--- START ---
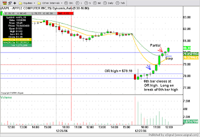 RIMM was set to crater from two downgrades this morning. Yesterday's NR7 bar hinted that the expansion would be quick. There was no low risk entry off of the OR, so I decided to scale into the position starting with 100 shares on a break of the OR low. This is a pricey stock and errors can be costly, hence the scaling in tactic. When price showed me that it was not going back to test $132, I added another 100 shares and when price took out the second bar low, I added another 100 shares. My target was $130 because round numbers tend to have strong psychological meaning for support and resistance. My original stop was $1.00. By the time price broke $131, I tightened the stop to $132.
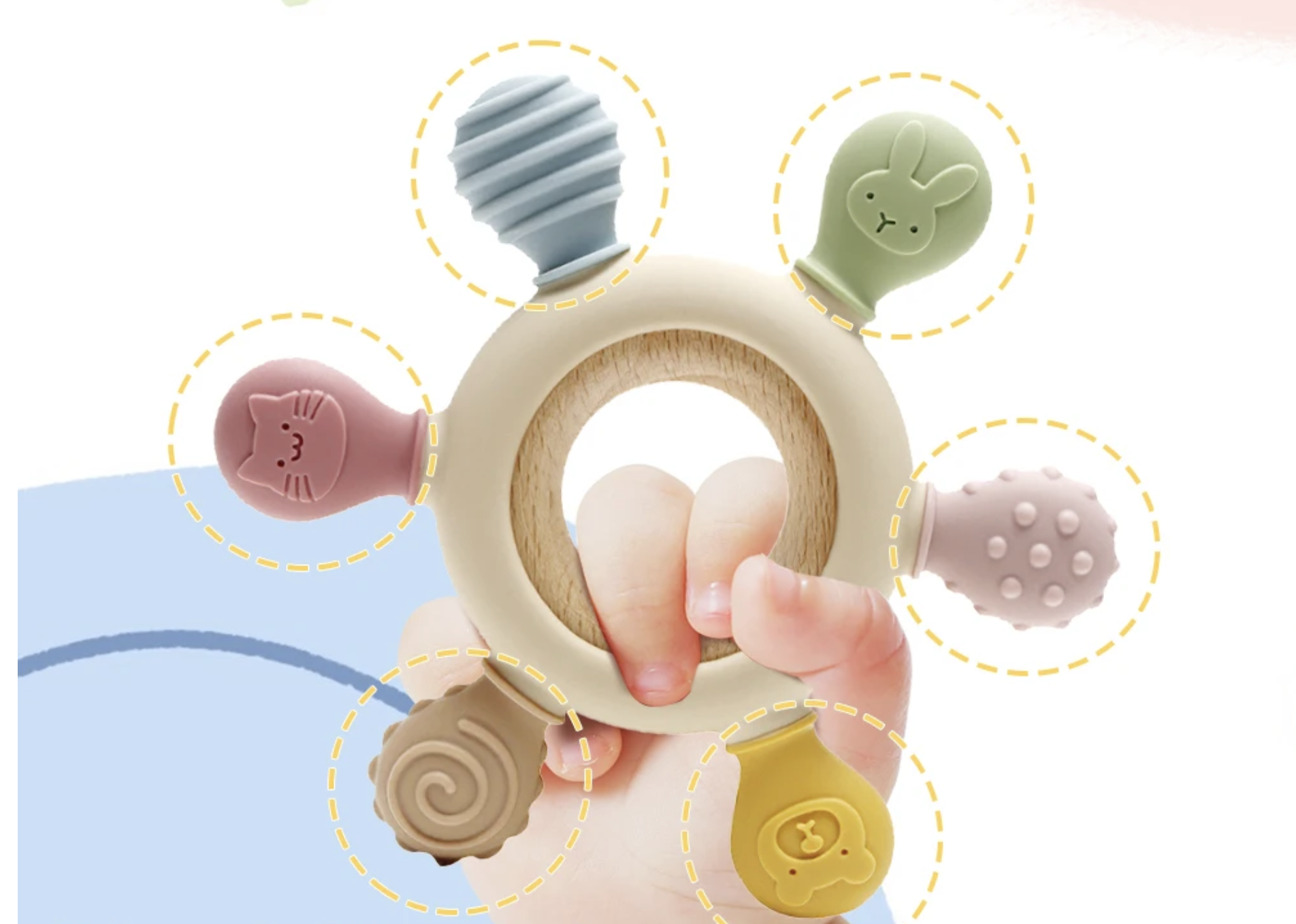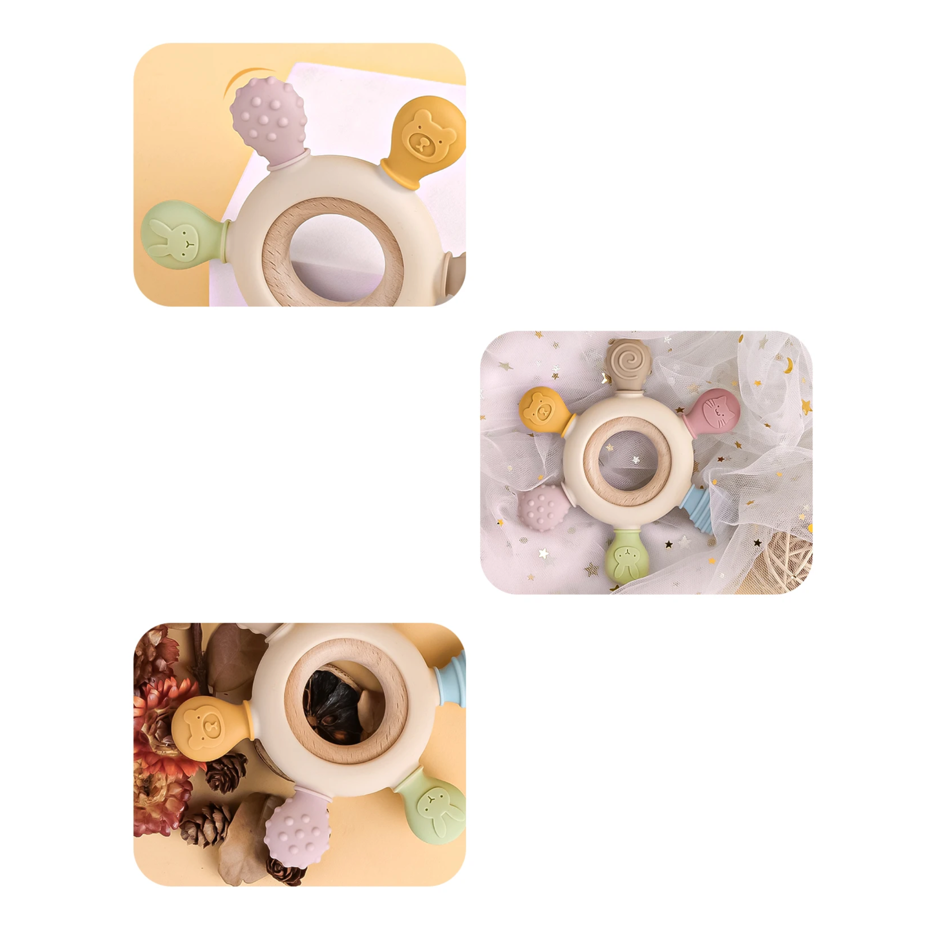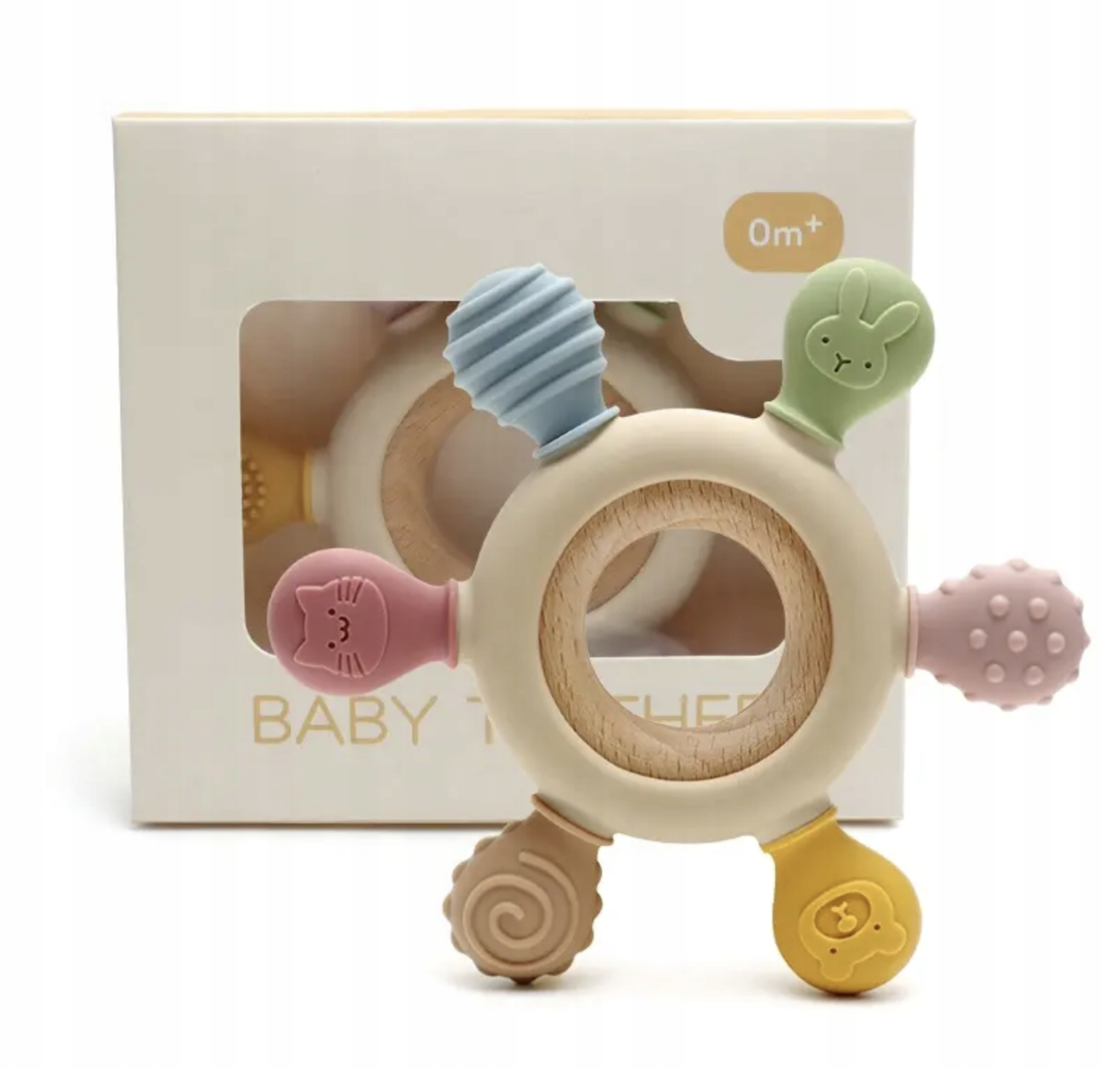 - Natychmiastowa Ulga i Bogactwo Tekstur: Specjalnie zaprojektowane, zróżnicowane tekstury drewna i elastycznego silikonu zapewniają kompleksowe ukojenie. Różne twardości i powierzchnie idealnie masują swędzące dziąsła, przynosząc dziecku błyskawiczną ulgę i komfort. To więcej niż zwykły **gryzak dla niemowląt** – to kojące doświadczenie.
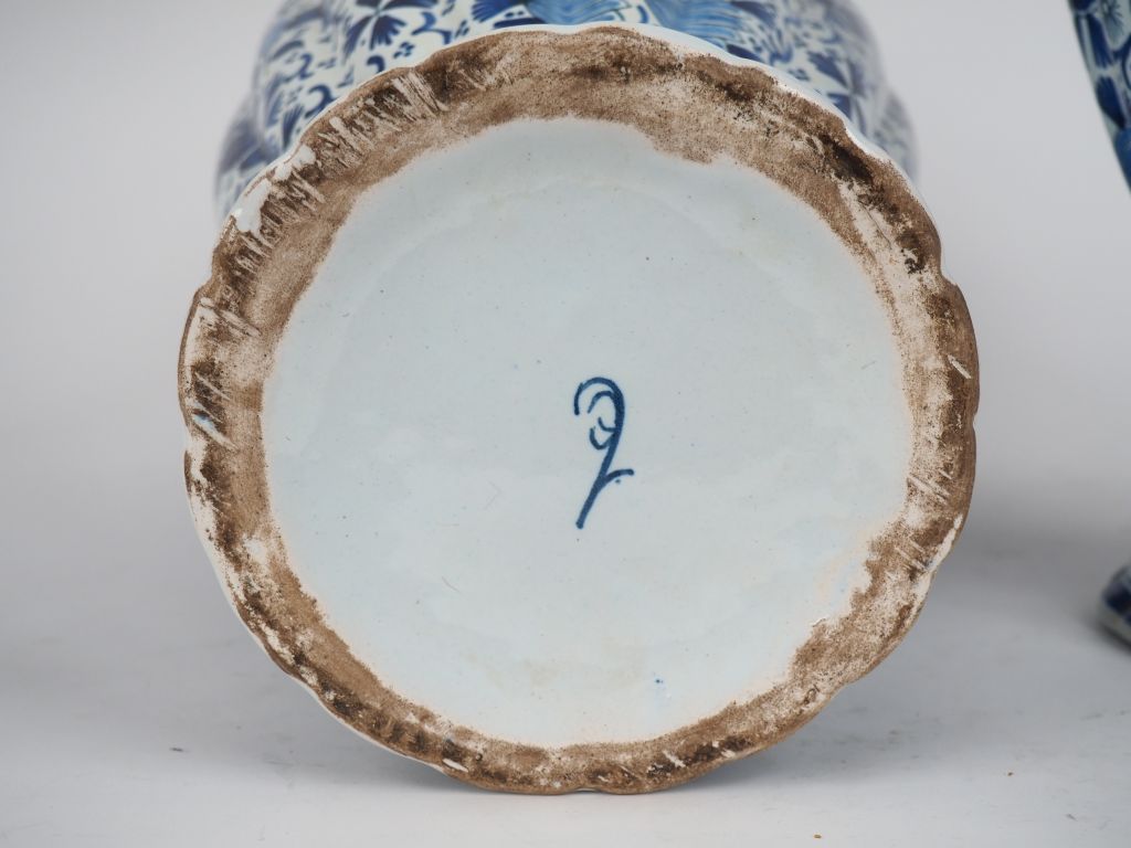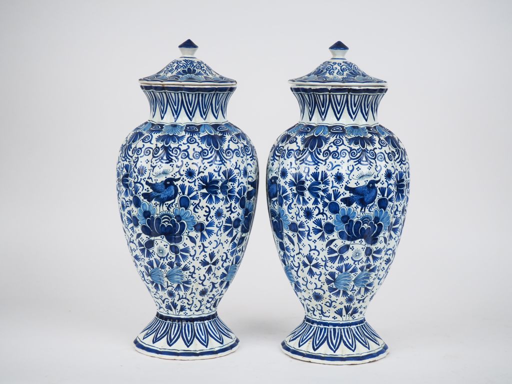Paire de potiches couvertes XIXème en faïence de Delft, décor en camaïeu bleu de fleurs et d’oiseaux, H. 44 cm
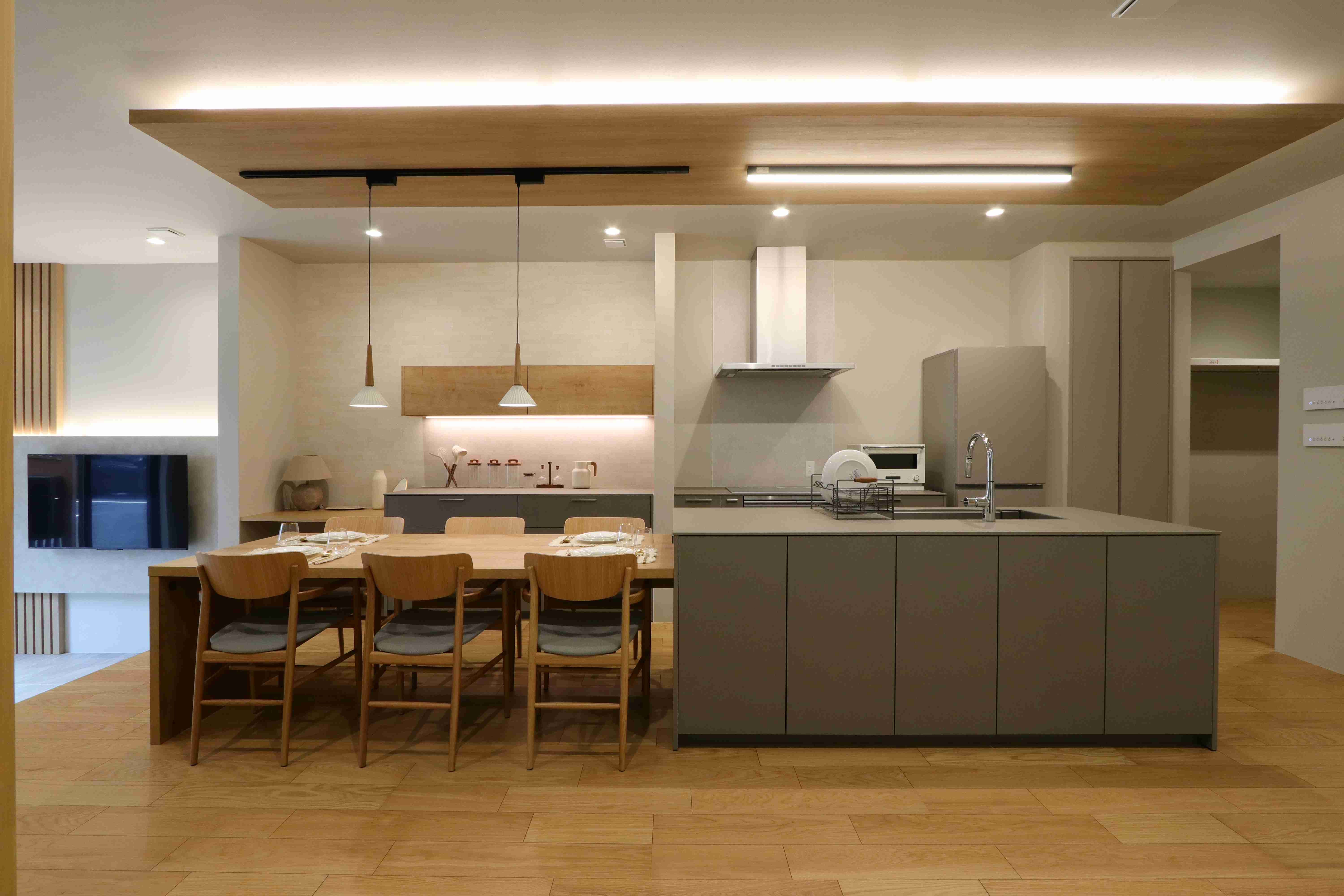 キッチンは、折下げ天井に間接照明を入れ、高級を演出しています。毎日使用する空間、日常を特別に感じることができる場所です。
--- END ---
**WHAT YOU ARE ASKED TO DO**: Everything in the material above is to be reproduced exactly, pictures aside.

**WORKED SOLUTION**:
 RIMM was set to crater from two downgrades this morning. Yesterday's NR7 bar hinted that the expansion would be quick. There was no low risk entry off of the OR, so I decided to scale into the position starting with 100 shares on a break of the OR low. This is a pricey stock and errors can be costly, hence the scaling in tactic. When price showed me that it was not going back to test $132, I added another 100 shares and when price took out the second bar low, I added another 100 shares. My target was $130 because round numbers tend to have strong psychological meaning for support and resistance. My original stop was $1.00. By the time price broke $131, I tightened the stop to $132.
 - Natychmiastowa Ulga i Bogactwo Tekstur: Specjalnie zaprojektowane, zróżnicowane tekstury drewna i elastycznego silikonu zapewniają kompleksowe ukojenie. Różne twardości i powierzchnie idealnie masują swędzące dziąsła, przynosząc dziecku błyskawiczną ulgę i komfort. To więcej niż zwykły **gryzak dla niemowląt** – to kojące doświadczenie.
Paire de potiches couvertes XIXème en faïence de Delft, décor en camaïeu bleu de fleurs et d’oiseaux, H. 44 cm
 キッチンは、折下げ天井に間接照明を入れ、高級を演出しています。毎日使用する空間、日常を特別に感じることができる場所です。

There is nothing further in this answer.